So yes, optimistic. I also think their projected coastlines are optimistic. I
don’t remember seeing so much of the US labeled uninhabitable in other
discussions.

------
cagenut
imho the ipcc made this the first chart in their latest report for good
reasons:
[https://www.ipcc.ch/site/assets/uploads/sites/2/2018/10/SPM1...](https://www.ipcc.ch/site/assets/uploads/sites/2/2018/10/SPM1_figure-
final-e1541758557589.png)

its time to move past slam-dunking on the creationists/anti-vaxers/flat-
earthers/climate-deniers and focus on the much harder part: engineering for
zero by 2040.

that is within the realm of your next mortgage. your utilities and larger
institutions are already financing infrastructure that will be around then.

------
martincollignon
Reading these headlines is pretty depressing.
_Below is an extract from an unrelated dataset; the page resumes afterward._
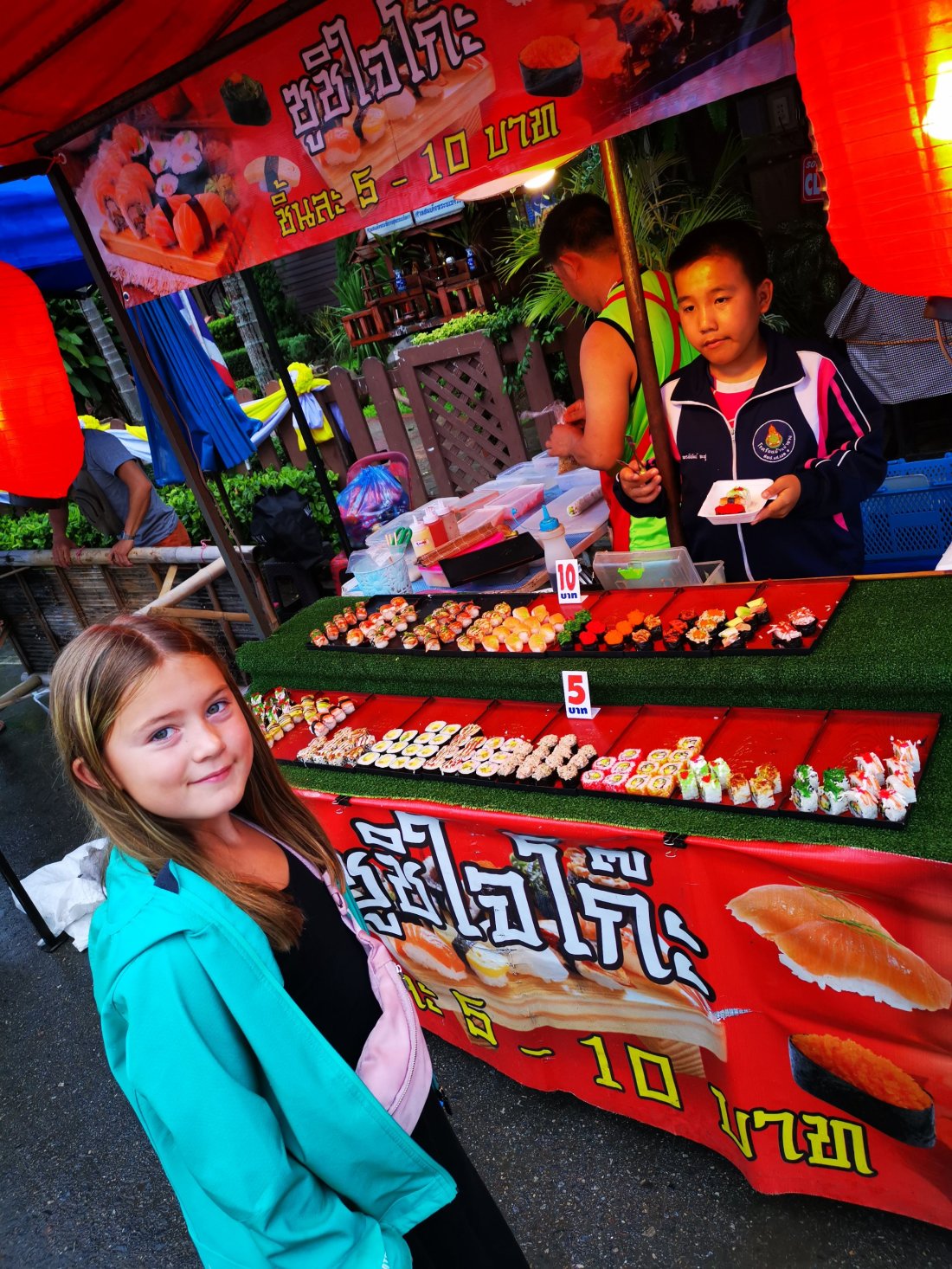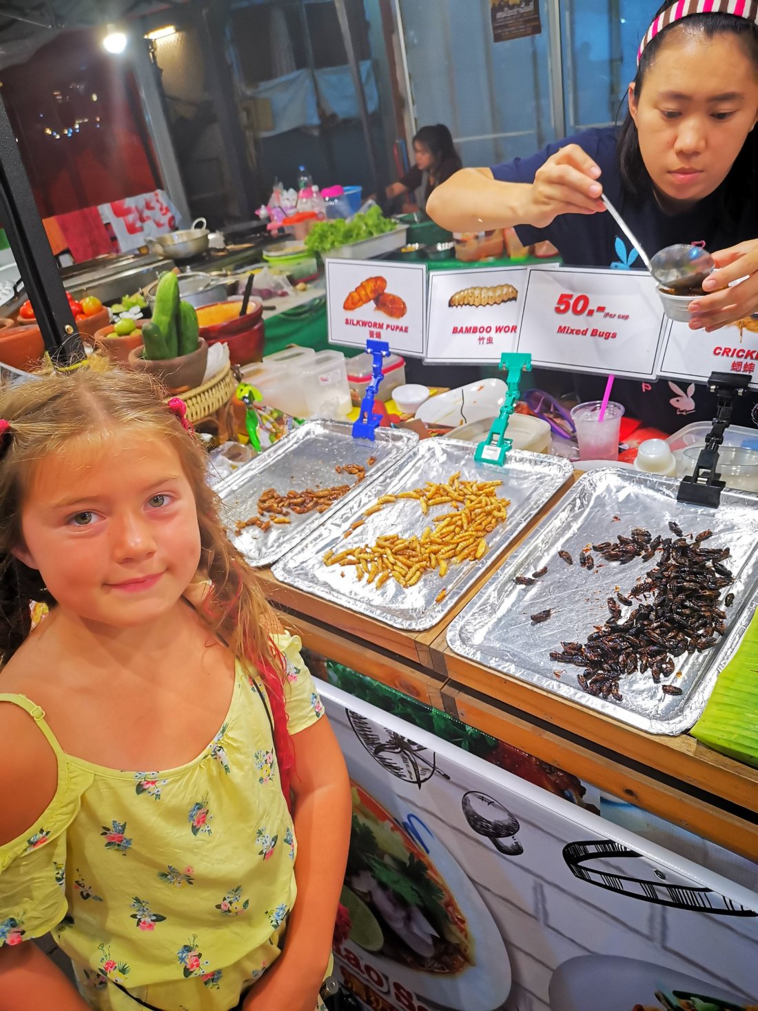 En av Theas beste sitater på turen, så langt: «mamma, vi må prøve alt som verden har å by på». Jeg er så enig, men alle disse gresshoppene og silkeormene kan jeg spare meg for.

If you want to do something
about it, a paper called Tackling Climate Change with Machine Learning[0] just
came out, and under Tools for Individuals a startup called Tomorrow[1] is
mentioned. They're actively looking for help to get more integrations to their
app to calculate people's personal CO2 emissions.

[0] [https://arxiv.org/abs/1906.05433](https://arxiv.org/abs/1906.05433)

[1] [https://www.tmrow.com/](https://www.tmrow.com/)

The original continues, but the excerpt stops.